Um relatório do Conselho de Nutrição da Dinamarca afirmou que vários estudos sugerem que os ácidos graxos "trans" da margarina são tão ou mais responsáveis pelo desenvolvimento da aterosclerose quanto os ácidos graxos saturados. Eles recomendam a redução do conteúdo de ácidos graxos "trans" em todas as margarinas dinamarquesas a no máximo 5% (era então de 0 a 30%)13.

Outro estudo feito em Boston pelo Departamento de Nutrição da Escola de Saúde Pública de Harvard analisou a dieta de 239 pacientes internados em hospitais da cidade depois de seu primeiro ataque cardíaco, e comparou-a com a dieta de um grupo de controle de 282 pessoas saudáveis. Depois de dar o desconto dos vários estilos de vida, descobriram que a ingestão de margarina associava-se de forma significativa com o risco de infarto do miocárdio14.

Uma estudo da Escola de Medicina de Harvard acompanhou mais de 85.000 mulheres num período de oito anos. Os pesquisadores compararam a dieta das que desenvolveram doenças cardíacas com a das que nada tiveram.

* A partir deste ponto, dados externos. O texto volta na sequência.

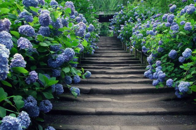明月院にあるアジサイのほとんどが日本古来の姫アジサイ。はじめは淡い水色で時間の経過とともに少しずつ深みを増し、最終的に鮮やかな藍色へと変化していく独特の色合いは“明月院ブルー”と呼ばれています。特に、鎌倉石でできた参道の両側にずらりと並ぶアジサイがまるでアジサイのトンネルのようで、風情あふれるフォトスポットになっています。住所 神奈川県鎌倉市山ノ内189 電話番号 0467-24-3437 ウェブサイト1 https://www.trip-kamakura.com/place/japanheritage/230.html アクセス JR北鎌倉駅より徒歩10分 料金 【拝観料】 高校生以上:500円 小中学生:300円 障がい者:無料(要障がい者手帳) ※付添1名無料 団体の場合、事前に免除申請が必要 【本堂後庭園公開】 拝観料と改めて500円 備考 【拝観時間】 9時00分~16時00分 ※6月 8時30分~受付終了16時30分、閉門17時00分 -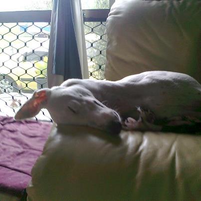 My girl's all time favourite thing is a tad embarrassing. She ADORES having her inner thighs rubbed. She has been know to fling herself against visitors on the lounge (even ones she doesn't know) displaying all her worldly girly goods, looking at them lovingly hoping for a scratch in her favourite spot. If you can imagine a pied SBT in the same position as that last pic in Wobbly's avatar above then that is pretty much what she offers up but normally it will be across a strangers lap or propped up against their chest. And of course she wriggles and ungently guides your hands with her front paws so contact with her girly bits whilst trying to scratch her favourite spot is on the cards. Ewwww.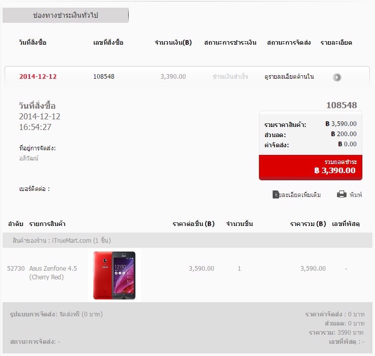 ผมได้ทำการสั่งซื้อ itruemart เนื่องจากไม่ค่อยมีเวลาไปเดินห้าง จึงได้ทำการสั่ง คิดว่าไม่น่ามีปัญหา เลยลืมไปว่ามาตราฐานของ บริษัทนี้เป็นเช่นไร ทำให้เกิดความผิดพลาด ยังมีที่สินค้ามือถือ asus zenfone 4.5 มีราคาไม่เท่าไหร่ แต่ถ้าเป็นสินค้าอย่างอื่นหละ และผู้บริโภคท่านอื่นที่ซื้อสินค้าที่มี ราคาสูง โดยใช้วิธี โพสหน้า web ให้สั่งซื้อ และใช้กฏ ส่งสินค้าภายใน 3-7 วันทำการ ไม่รวมเสาร์-อาทิตย์
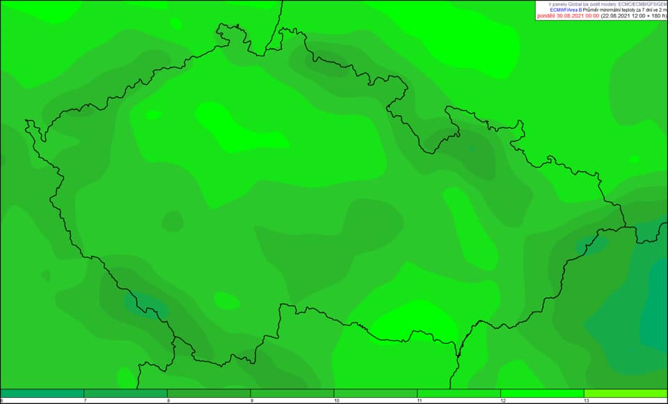 Průměr minimálních a maximálních teplot v právě započatém týdnu ukazují připojené mapy. Graf ukazuje průměrnou denní teplotu od začátku srpna včetně předpovědi do konce měsíce a odchylky od normálu. Průměrná teplota celého měsíce by měla skončit na hodnotě 16,3 °C, což je 1,2 °C pod normálem.
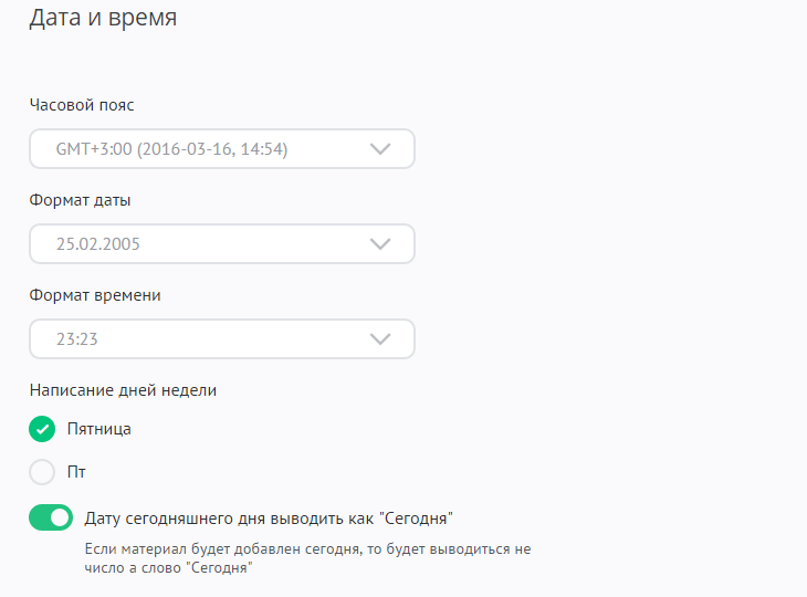 В этом разделе находятся настройки времени, которое будет отображаться на вашем сайте. Это время будет использоваться для определения даты добавления или редактирования материалов.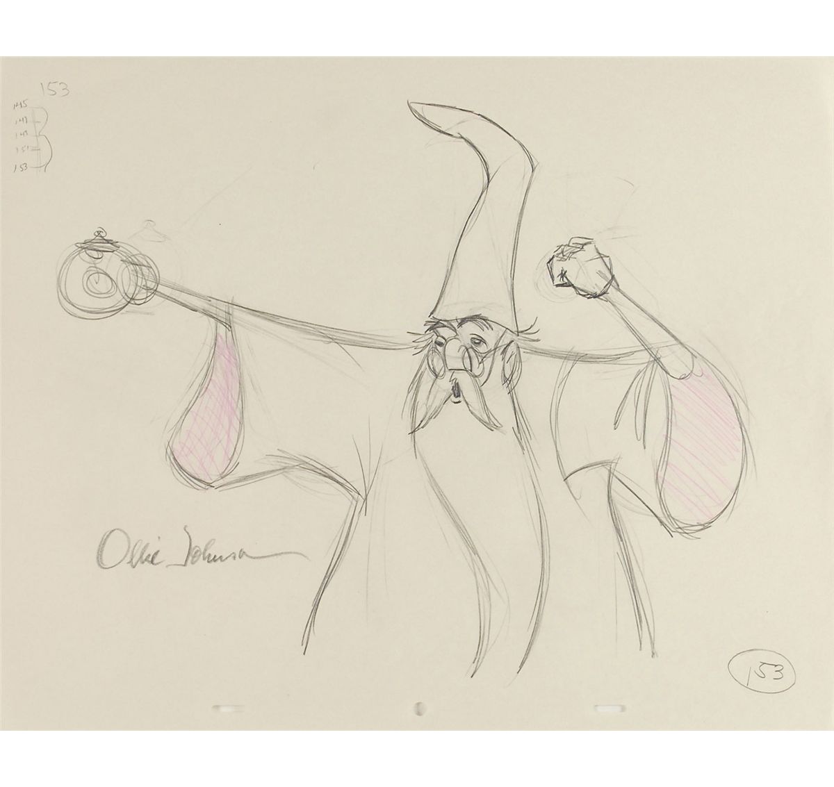 (Walt Disney Studios, 1963) Original ‘rough’ production drawing featuring Merlin the Magician from The Sword and the Stone. Accomplished in red pencil and graphite on untrimmed 15.5 x 12.5 animation paper and shows Merlin gesturing with both hands. Image measures 13 x 11.5, and is signed in pencil by famed Disney animator Ollie Johnston. In fine condition.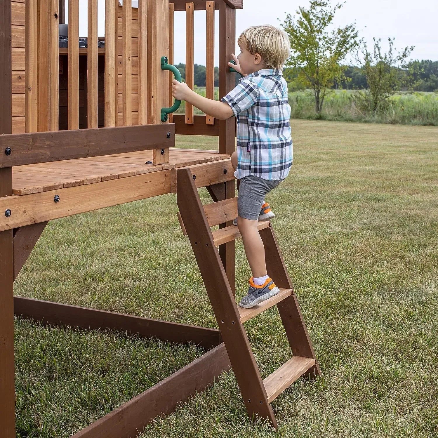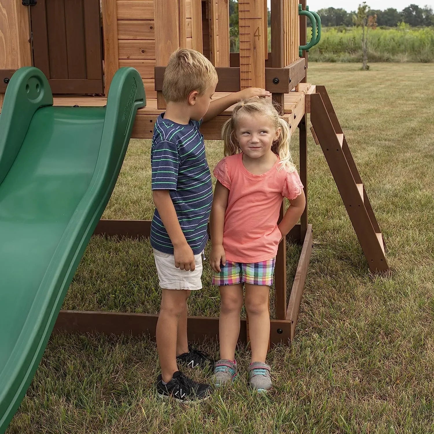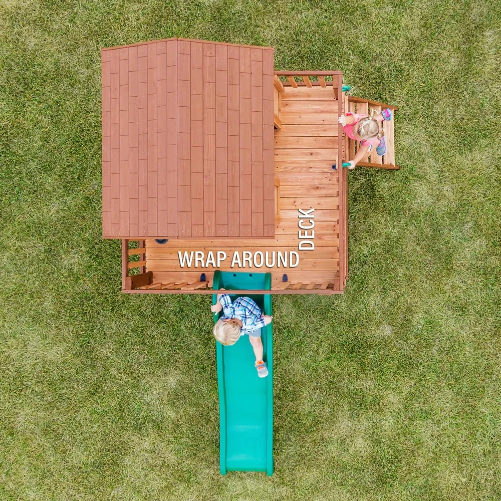 Backyard Echo Heights Playhouse – Elevated Cedar Wood Playhouse with Slide, Play Kitchen & Growth Board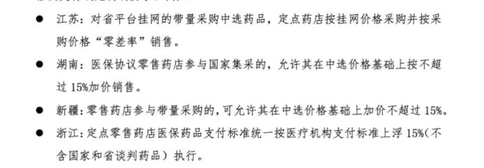 从药店“零差率”的角度来看,目前全国共23个省份发文对零售药店集采产品价格或医保支付标准有明确价格规定,仅北京、天津、河北、吉林、黑龙江、安徽、贵州和宁夏8省未出台政策,有些地方要求集采药品“零差率”售卖,有的则按不超过15%的加价销售。

Descobriram que as principais fontes de gorduras "trans" na alimentação, como a margarina, estavam associadas de forma significativa com o risco maior de doença coronária e cardíaca15.

PROBLEMAS COM O PROCESSAMENTO COMERCIAL

Os óleos vegetais refinados e poli-insaturados tornaram-se muito populares nos Estados Unidos desde que a onda anticolesterol começou há muitos anos e os médicos passaram a promover seu uso. Quando preparados e utilizados da forma correta, alguns desses óleos são fontes saudáveis de ácidos graxos essenciais. Infelizmente, o processo padrão de refino industrial destrói os ácidos graxos essenciais e cria altos níveis de ácidos graxos "trans", ao mesmo tempo que remove importantes elementos e agentes protetores naturais, como sais minerais e vitamina E.

Em "Fatos sobre gordura" e "Gorduras que curam, gorduras que matam", John Finnegan e Udo Erasmus descrevem o processo comum de refino comercial dos óleos vegetais. Começa com sementes que podem conter alto nível de agrotóxicos (pesticidas e herbicidas). As sementes são esmagadas e sujeitas a uma série de tratamentos químicos em temperaturas acima de 270°C. Esses tratamentos incluem o uso de solventes tóxicos, soda cáustica, preservantes e anti-espumantes, e resultam na destruição dos ácidos graxos essenciais, na perda de vitaminas e sais minerais e na formação de ácidos graxos "trans" e radicais livres. Este é exatamente o contrário do que seria desejado. Tudo isso em nome de uma vida mais longa na prateleira e da aceitação do consumidor (o que sobra parece limpo e bonito!). Isso também acontece com a gordura dos alimentos industrializados, ou seja, quase tudo que vem numa lata ou numa caixa. Lembre-se de ler as letras miúdas dos rótulos!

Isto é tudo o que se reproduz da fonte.